DuckDB¶

In Python, Lance datasets can also be queried with DuckDB, an in-process SQL OLAP database. This means you can write complex SQL queries to analyze your data in Lance.

This integration is done via DuckDB SQL on Apache Arrow, which provides zero-copy data sharing between LanceDB and DuckDB. DuckDB is capable of passing down column selections and basic filters to Lance, reducing the amount of data that needs to be scanned to perform your query. Finally, the integration allows streaming data from Lance tables, allowing you to aggregate tables that won't fit into memory. All of this uses the same mechanism described in DuckDB's blog post DuckDB quacks Arrow.

A LanceDataset is accessible to DuckDB through the Arrow compatibility layer directly.
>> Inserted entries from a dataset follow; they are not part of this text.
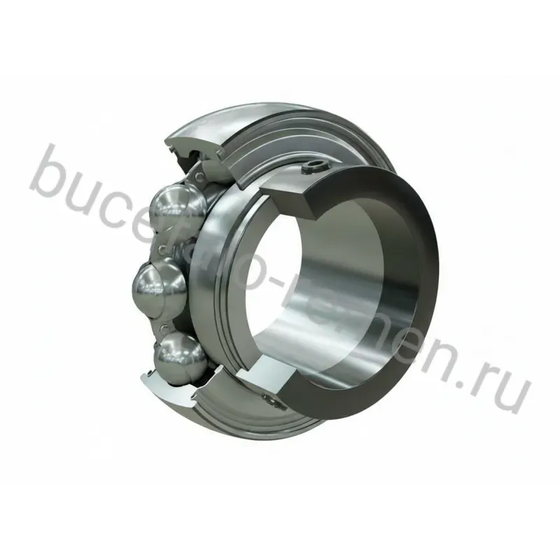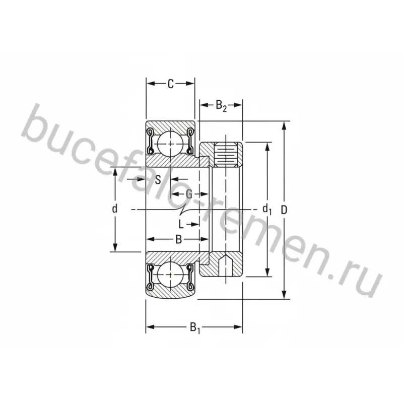 Внутреннее кольцо с широким сдвоенным выступом выполнено эксцентричным для установки стопорного кольца с чёрным оксидным покрытием. Фиксация на валу достигается за счёт поворота стопорного кольца по направлению вращения и дополнительного закрепления стопорным винтом. Наружное кольцо имеет сферическую форму. Конструкция включает стальные наружное и удлинённое с одной стороны внутреннее кольца, шарики, штампованный стальной сепаратор и уплотнения, состоящие из оцинкованных стальных пластин и бутадиенакрилонитрильного каучука (NBR) с повышенной прочностью. Уплотнение располагается за защитной кромкой и обладает предварительным осевым натягом. Отверстия для смазки отсутствуют, подшипник заполнен смазочным материалом на весь срок эксплуатации. Температурный диапазон работы уплотнений составляет от -20 до +100 °C, с кратковременным повышением до 120 °C. Размеры указаны в дюймах.
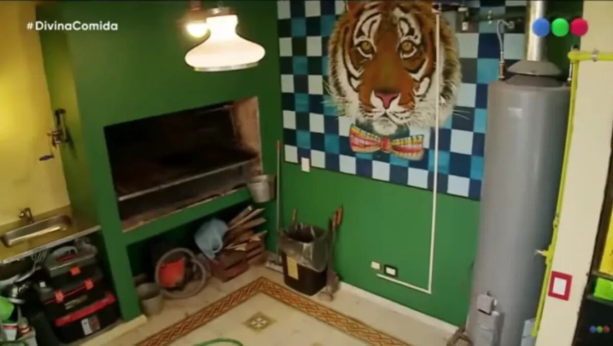 Al subir las escaleras que son de madera y pintadas en marrón se accede a la terraza, lo primero que se ve al llegar es un mural en donde está pintado un tigre gigante, al lado la chimenea y una mesada en color verde.
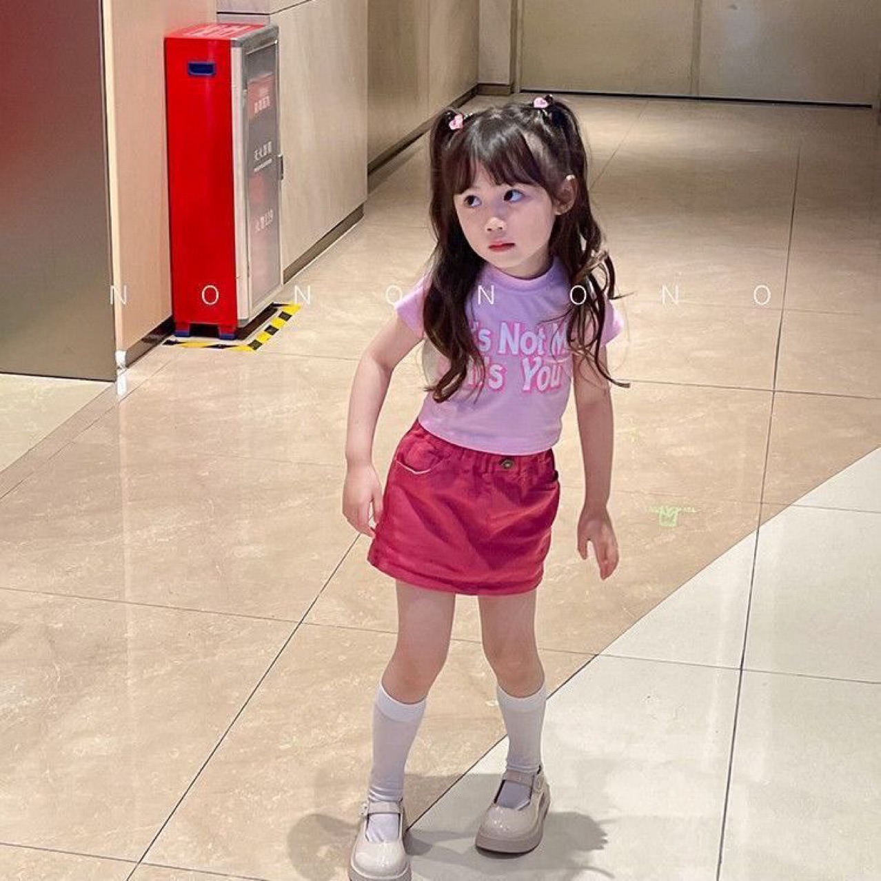 2025 여자 여름 달콤한 뜨거운 소녀 스타일 핑크 편지 반팔 티셔츠 탑 데님 짧은 치마 투피스 세트 치마스토어 가기

To query the resulting Lance dataset in DuckDB, all you need to do is reference the dataset by the same name in your SQL query.

For example, if you have a Lance dataset with variable name my_lance_dataset:

import duckdb # pip install duckdb

duckdb.query("SELECT * FROM my_lance_dataset")
# ┌─────────────┬─────────┬────────┐
# │   vector    │  item   │ price  │
# │   float[]   │ varchar │ double │
# ├─────────────┼─────────┼────────┤
# │ [3.1, 4.1]  │ foo     │   10.0 │
# │ [5.9, 26.5] │ bar     │   20.0 │
# └─────────────┴─────────┴────────┘

duckdb.query("SELECT mean(price) FROM my_lance_dataset")
# ┌─────────────┐
# │ mean(price) │
# │   double    │
# ├─────────────┤
# │        15.0 │
# └─────────────┘